В "женской комнате" было в меру прохладно. Яркий ковер с прихотливым красно-черно-белым узором приятно щекотал босые ноги. Атени курила кальян, пребывая в том странном состоянии между сном и явью, в котором к ней, иногда, приходили боги и духи.
Иногда это были "правильные" боги и духи, иногда – нет. Атени не различала их, да и не стремилась. Ее делом было – передать очередное озарение нынешнему калафу, царю племени ниомов. А уж как он распорядится знанием – то не ее головная боль.
Атени считалась глубокой старухой – уже тридцать шесть, очень много для Видящей. Она и выглядела старухой: седые волосы, заплетенные в ритуальные десять кос, спрятанных под узорный платок, морщинистая кожа, сожженная здешним, безжалостным солнцем, пальцы, скрюченные от прялки. Дар видящей – да четыре чудом сохранившихся зуба это все, что удерживало Атени от путешествия "на черном верблюде за край ночи".
Она этого не боялась. Устала бояться. Надоело. Да и кальян сыграл свою роль. Речь ее все чаще бывала бессвязной, а мысли разбегались, как потревоженные скорпионы. И были, порой, такими же ядовитыми.
Калаф вошел не пригибаясь – дом Атени был высок.
– Здравствуй, – бросил он, пытаясь сообразить, в каком настроении Слышащая.
Атени подняла на него глаза, подернутые пленкой катаракты. Усмехнулась.
– Здравствуй, Ведущий.
– Я принес в жертву трех рабов и козу.
– Знаю.
– Что сказали духи?
Атени потрясла головой, словно в ухо ей залетела пчела.
– А что ты хотел услышать, Ведущий?
– Благоприятен ли завтрашний день для начала задуманного мной, – обстоятельно сообщил он.
Атени прикрыла глаза… Можно было этого и не делать, она уже давно была почти слепа – это участь всех Слышащих. Духи дают возможность слышать, но в уплату забирают что-то столь же важное.

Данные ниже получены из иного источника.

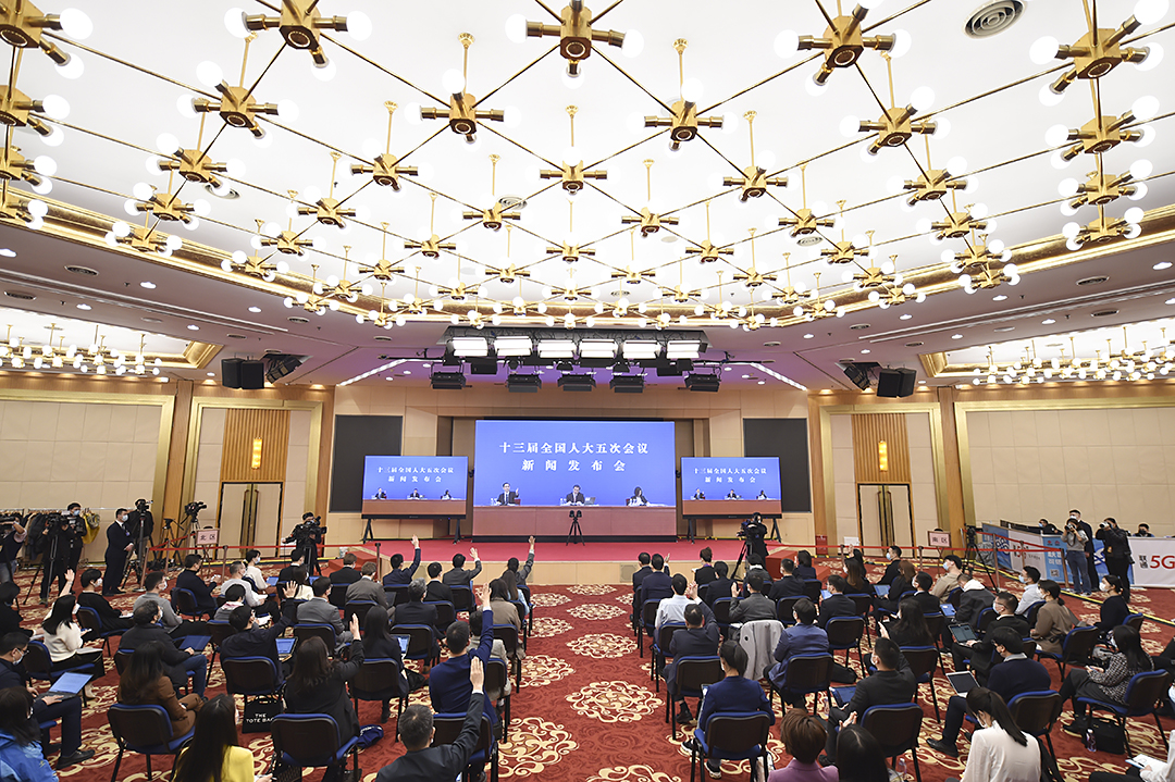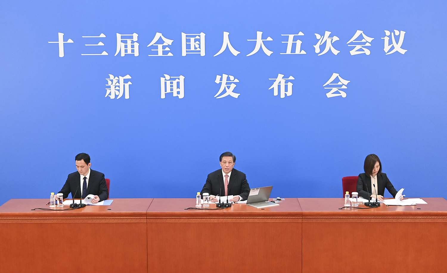 3月4日,十三届全国人大五次会议新闻发布会在北京人民大会堂新闻发布厅举行,大会发言人张业遂就会议议程和人大有关工作回答中外记者提问。(新华社记者 陈晔华 摄)

Калаф терпеливо ждал. Он знал, что Атени нельзя торопить, иначе полубезумная старуха может и вовсе позабыть не только о чем спрашивал Ведущий, что еще пол беды, но и то, что ответили духи. Наконец она соизволила шевельнуть беззубым ртом:
– Духи ничего не сказали на этот раз, – и раньше, чем калаф вспылил, веско добавила, – они показали.
– Что? Говори, старая ведьма, иначе, клянусь своей нитью, я разрублю тебя пополам, выну внутренности и скормлю собакам!
– Стра-ашно, – сладко и тягуче зевнула Атени.
Если бы калаф не знал точно, что Слышащая давно тронулась умом, он бы заподозрил, что над ним издеваются.
– Говори же, – сказал он намного тише. И – спокойнее.
– Со стороны востока пришел воин в черном шлеме, бросил факел – и пески загорелись. Хичины попытались залить их водой из оазиса, но вода горела тоже…
– Вода горела? Ты все же окончательно спятила! Такого быть не может, вода не горит. Если только… – калаф осекся и сам себе ритуально прикусил язык, чтобы не проговорится. Кто знает, кому пустынные ветра могут нашептать лишнего.
– Спасибо, Атени. Тебе принесут мяса, – сказал он, развернулся и вышел.
Старуха не услышала. Она опять занялась кальяном, покачиваясь из стороны в сторону под музыку, которую играли для нее духи. Ну, наверное, духи – иначе чем объяснить, что больше никто ничего не слышал, как не прислушивался.
Покинув Слышащую, калаф подозвал троих мужчин, одного весьма преклонных лет, двоих – чуть помоложе и вполголоса отдал приказ:
– Отправляетесь на рассвете, сопроводите Шекер. У мертвого оазиса встретите караван и присоединитесь к нему. С собой возьмете… по два десятка воинов, хватит.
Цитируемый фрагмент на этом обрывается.